Artificial neural network classification of surface reflectors and volume scatterers using sequential echoes acquired with a biomimetic audible sonar.

Abstract

This paper investigates classifying two target groups, surface reflectors (SR) and volume scatterers (VS), using echo envelope features. SR targets have convex surface patches that exhibit echo persistence over aspect angle, while VS targets are composed of random range-distributed and oriented reflectors producing echoes that become uncorrelated with small changes in aspect angle.

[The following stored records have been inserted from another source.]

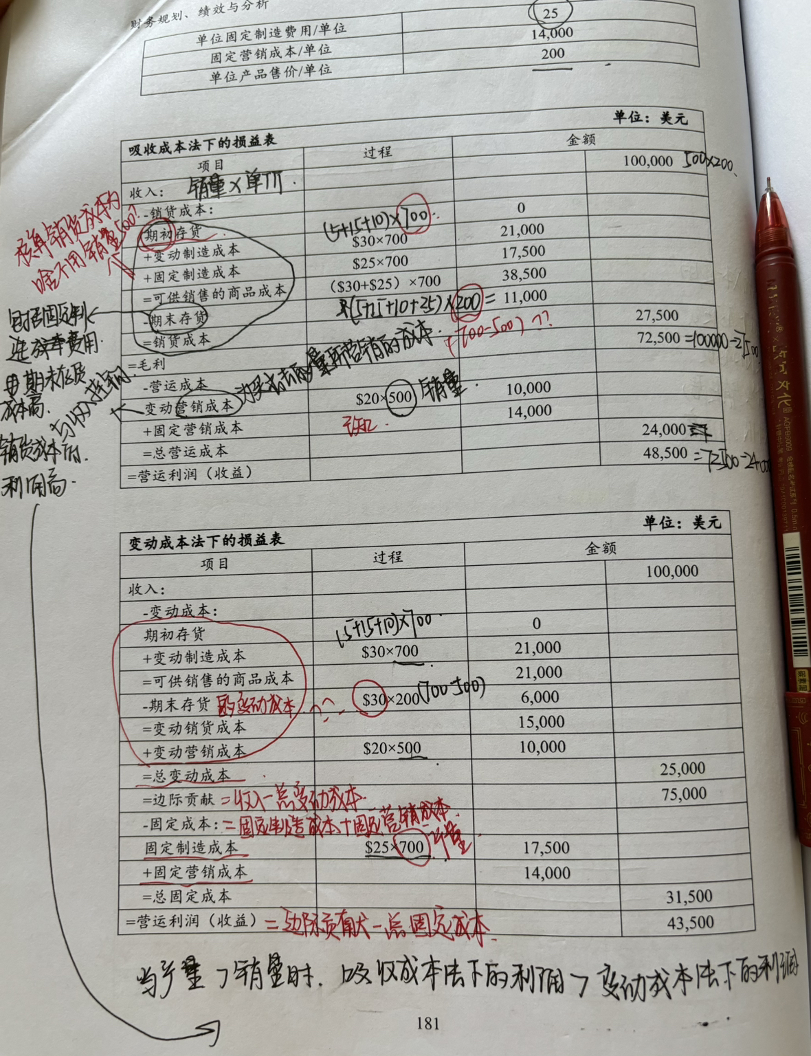 同学你好,1.计算销货成本的时候确实是单价×销量。但是这个表格里面计算的是生产成本(它等于生产数量×单位成本),它使用的是倒推的方法,本期销售成本=期初存货成本+本期生产成本-期末存货成本。所以使用的是产量。2.变动成本法下,存货成本包含直接材料,直接人工和变动制造费用。这个30指的是上述三项的合计数。200是因为期末存货的数量是200
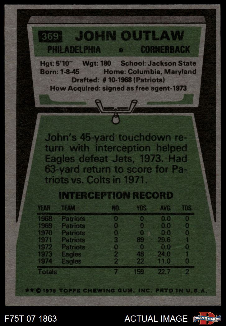 1975 Topps #369 John Outlaw 6 - EX/MT
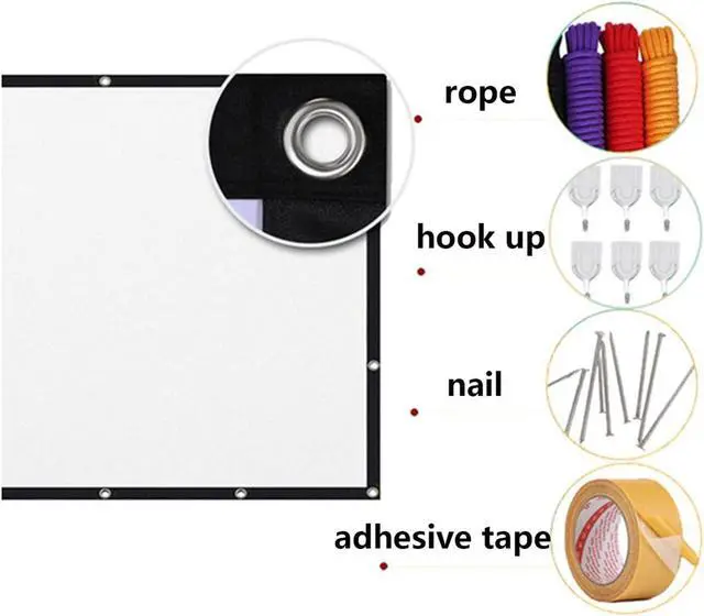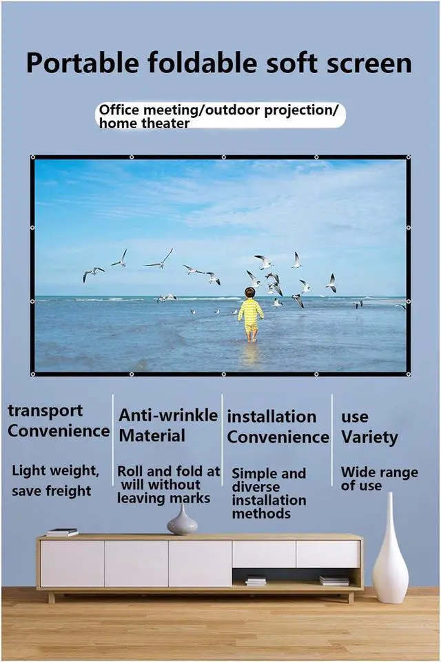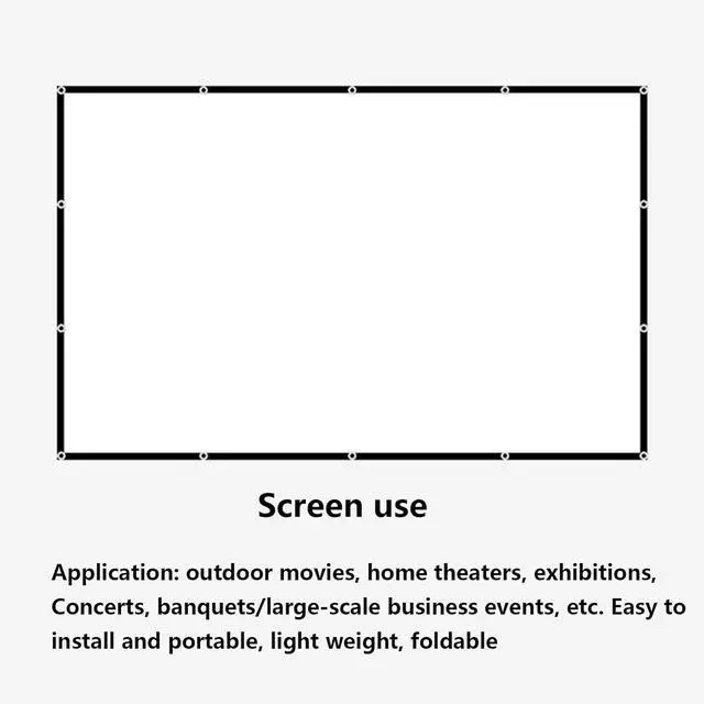 Anti-wrinkle screenThickened milk silk polyester material. The surface of the foldable projection movie screen is smooth, so you don't need to worry about wrinkles. The video projection screen supports hand washing and ironing.

The SR target group contains single-post (P1) and multiple-post (PM) types and the VS group contains Ficus benjamina (F) and Schefflera arboricola (S) foliage types with leaf areas that differ by a factor of 4. A biomimetic sonar emitting audible clicks acquired sequences of up to three binaural echoes from target views separated by 18°. Two artificial neural networks performing linear and nonlinear classification first differentiated SR/VS target groups and then P1/PM and F/S types. Classification performance improved with echo number, from a single monaural echo to three pairs of binaural echoes, demonstrating the benefit of sequential echoes. Linear and nonlinear classification of SR/VS targets achieved a minimum generalization error probability PEG = 0.003. Nonlinear P1/PM classification achieved PEG = 0.009 that was four times smaller than linear classification. Nonlinear F/S classification achieved PEG = 0.220, indicating that envelope features by themselves are inadequate to accurately differentiate foliage targets.